Re: Query on handling some special Group0 interrupt in Linux

From: Mukesh Ojha
Date: Wed Nov 09 2022 - 14:58:04 EST


Hi Marc,

Thanks for your reply.

On 11/9/2022 11:50 PM, Marc Zyngier wrote:
On Wed, 09 Nov 2022 16:20:35 +0000,
Mukesh Ojha <quic_mojha@xxxxxxxxxxx> wrote:

Hi,

I was working on a use case where both el2/el3 are implemented and we
have a watchdog interrupt (SPI), which is used for detecting software
hangs and cause device reset; If that interrupt's current cpu affinity
is on a core, where interrupts are disabled, we won't be able to serve
it or if this interrupt comes on a core which has interrupt enabled,
calling panic() or with smp_send_stop(), we would not be able
to know the call stack of the other cores which is running with
interrupt disabled.

I was thinking of configuring both a watchdog irq(SPI) and IPI_STOP
(SGI) or any reserve IPI as an FIQ. And from the watchdog irq handler,
I was thinking of calling panic() which eventually sends IPI_STOP(SGI
FIQ) to all the cores. And with this we will able to dump all the core
call stack.

I am able to achieve this but wanted to know if this is acceptable to
the community to support/allow such use cases like above and enable
group0 interrupt from GIC for some special use cases.

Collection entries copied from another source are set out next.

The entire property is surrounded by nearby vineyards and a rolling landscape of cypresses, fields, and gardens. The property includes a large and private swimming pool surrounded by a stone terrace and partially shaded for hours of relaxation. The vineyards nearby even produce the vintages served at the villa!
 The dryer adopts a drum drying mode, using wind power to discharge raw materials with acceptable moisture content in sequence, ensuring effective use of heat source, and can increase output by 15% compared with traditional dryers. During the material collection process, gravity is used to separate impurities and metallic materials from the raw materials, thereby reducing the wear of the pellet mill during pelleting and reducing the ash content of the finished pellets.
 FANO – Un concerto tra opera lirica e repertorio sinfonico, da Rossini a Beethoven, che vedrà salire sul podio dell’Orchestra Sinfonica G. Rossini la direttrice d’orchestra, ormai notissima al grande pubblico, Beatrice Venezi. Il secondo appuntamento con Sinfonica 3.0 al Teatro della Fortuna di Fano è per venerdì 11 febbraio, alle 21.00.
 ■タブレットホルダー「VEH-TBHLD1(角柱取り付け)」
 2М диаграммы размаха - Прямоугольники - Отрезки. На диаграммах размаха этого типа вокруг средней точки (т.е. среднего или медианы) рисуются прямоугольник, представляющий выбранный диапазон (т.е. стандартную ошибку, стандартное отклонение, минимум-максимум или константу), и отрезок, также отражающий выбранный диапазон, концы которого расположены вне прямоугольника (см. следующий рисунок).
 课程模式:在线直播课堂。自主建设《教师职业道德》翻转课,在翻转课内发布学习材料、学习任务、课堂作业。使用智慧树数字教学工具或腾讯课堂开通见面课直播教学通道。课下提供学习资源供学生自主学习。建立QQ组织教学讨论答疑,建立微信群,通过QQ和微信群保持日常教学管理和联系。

For a start, we only deal with Group-1 interrupts in Linux. Group-0
interrupts are for the firmware, and we really don't want to see them
(this is consistent with your HW having EL3).

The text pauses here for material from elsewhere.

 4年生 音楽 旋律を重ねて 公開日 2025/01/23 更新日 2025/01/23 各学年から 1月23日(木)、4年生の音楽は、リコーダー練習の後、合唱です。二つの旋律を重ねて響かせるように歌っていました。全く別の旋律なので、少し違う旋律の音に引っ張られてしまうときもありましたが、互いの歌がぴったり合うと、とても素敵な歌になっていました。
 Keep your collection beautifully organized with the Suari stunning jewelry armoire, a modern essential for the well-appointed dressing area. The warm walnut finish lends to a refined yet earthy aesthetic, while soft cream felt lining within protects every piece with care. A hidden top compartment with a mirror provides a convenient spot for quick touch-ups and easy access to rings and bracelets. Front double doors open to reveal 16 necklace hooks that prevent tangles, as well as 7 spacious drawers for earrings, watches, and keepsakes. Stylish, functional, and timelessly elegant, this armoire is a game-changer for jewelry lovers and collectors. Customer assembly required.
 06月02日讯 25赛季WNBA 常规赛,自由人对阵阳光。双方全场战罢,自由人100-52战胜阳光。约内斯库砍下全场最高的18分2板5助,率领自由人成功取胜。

What is the downside of it we support this ? I see one of the implementation here.

https://elixir.bootlin.com/linux/v6.0.7/source/drivers/irqchip/irq-apple-aic.c#L510

We also mask IRQ and FIQ at the same time, so this is a non-starter.
This can be taken care if we support this.


If you want to be able to deliver an interrupt while the interrupts
are masked, what you are looking for is the NMI framework, for which
you can register SPIs as (pseudo-)NMI.

Yes, kind of NMI.
I have already looked into this.
Since, in our system El2 is implemented and each physical interrupt get routed to hypervisor and later vIrq comes to El1 and each interrupt enable/disable call exercise pmr register trap can cause latency in
regular run(like multiple VM).

Since, some of the use-case could be special like i have mentioned
in my initial mail where such interrupt will be fatal and system will
get reset after that. I am not able to think of any other use case than
this but can this not be considered as one of the feature.


This is of course assuming that you're using GICv3. If you're using an
older version of the architecture, we don't have a good solution for
you, unfortunately.


we are using GICv3.

Thanks,

M.


-Mukesh